We talked while he ate his newspaper-wrapped simple bento lunch seated crosslegged on the deck, smiling and laughing at his own words, in a dialect I had to cut with a mental chainsaw. He'd been doing this work since he was young; lived alone, married twice, long ago, but it didn't take; cooks his own meals, grows his own rice, grows his own vegetables (why do otherwise, he said), makes his own sake, makes his own charcoal for cooking and heating, gave me the best intense course on chainsaw maintenance I ever had, then cut down the trees close in front of the house, felling them right where he aimed, sectioned them to the desired lengths and drove away.

What a guy.



5 comments:

Maya's Granny said...

There is nothing as pleasurable as watching someone do something well. I love to watch short order cooks flip eggs and carpenters build stairs and an entire plethora of things. I once fell in love with a man while watching him saw boards.

Mary Lou said...

IT was the tabies! (Spelling may be wrong) We wore them when we were kids, and it really helped us to keep our go-aheads on!

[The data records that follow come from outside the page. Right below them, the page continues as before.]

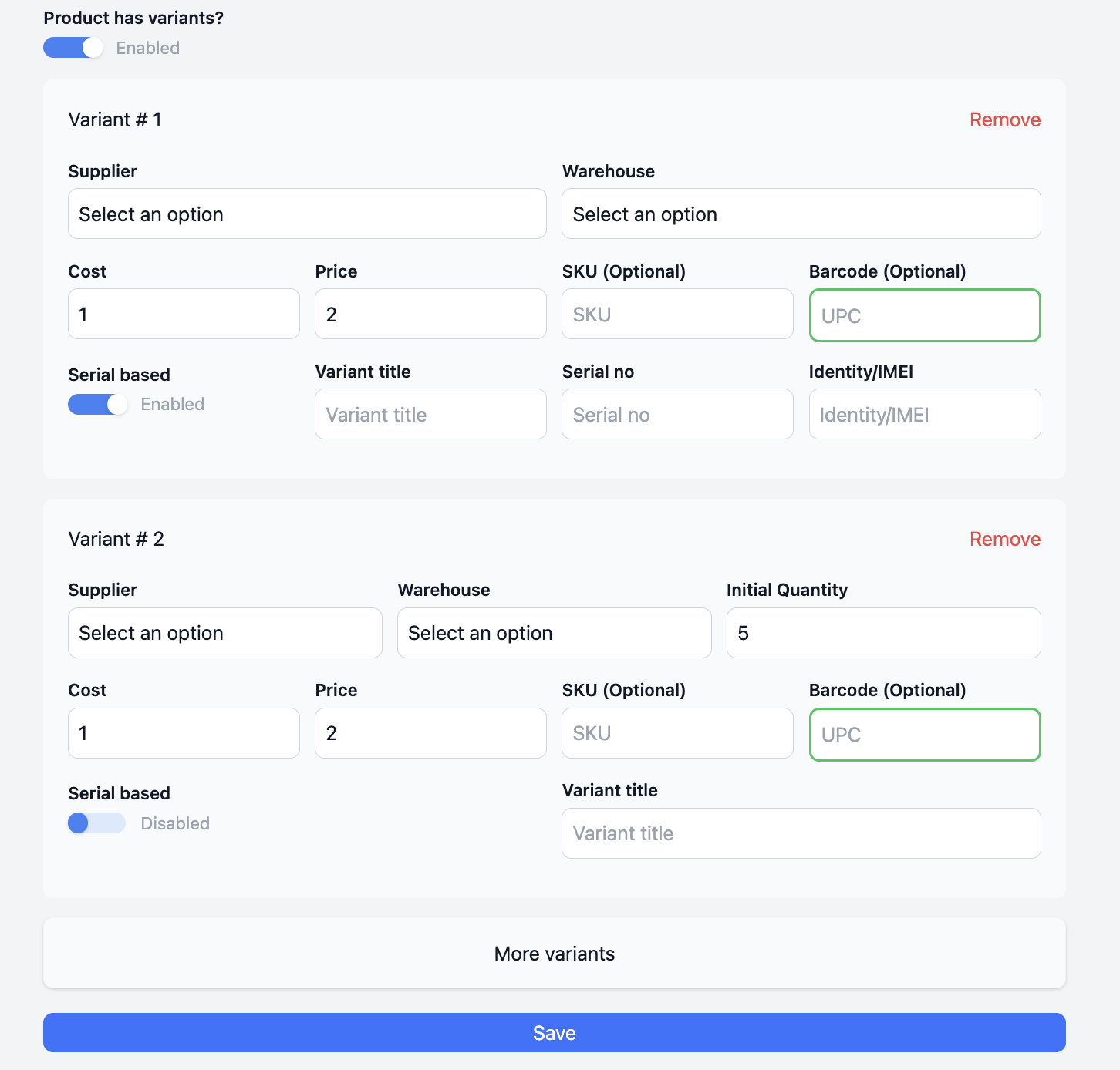 Variants? – Toggle to enable variant-based products like size/color/storage types.
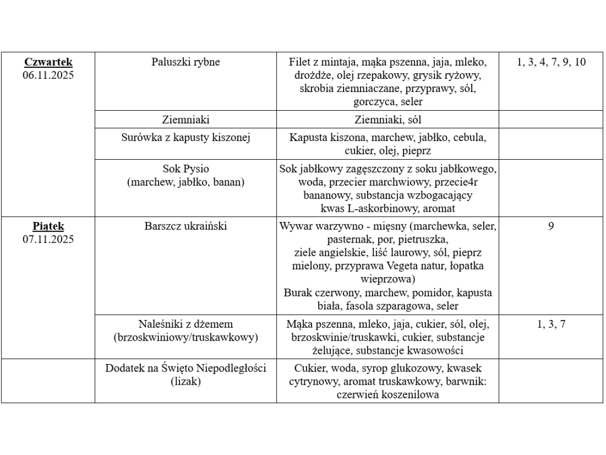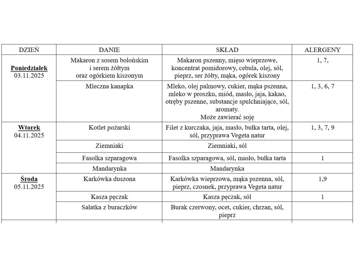 Jadłospis od 03.11.2025 do 07.11.2025
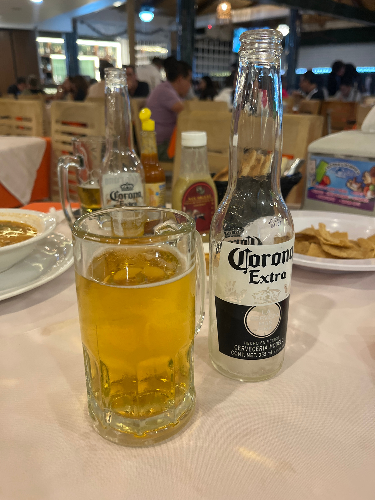 The scene depicts a table with an empty bottle of Corona Extra beer and a glass mug filled with light-colored beer. The Corona bottle is positioned horizontally on the table, with the label clearly vi…read more

So now you have even MORE firewood to chop and split and stack! AHHHH warmth is nice!

Anonymous said...

What a joy to be able to find a true craftsman.

Anonymous said...

What a guy indeed. Sounds like one who has many lessons to offer...

hanameizan said...

Isn't it humbling to watch an old pro at work? While I get the chainsaw stuck in a trunk that has already been felled by the wind, they wield that gasoline-powered blade like a barber's fine scissors, snipping and trimming.

These are the men in the local sento with muscled bodies, albeit sagging somewhat after four-score decades.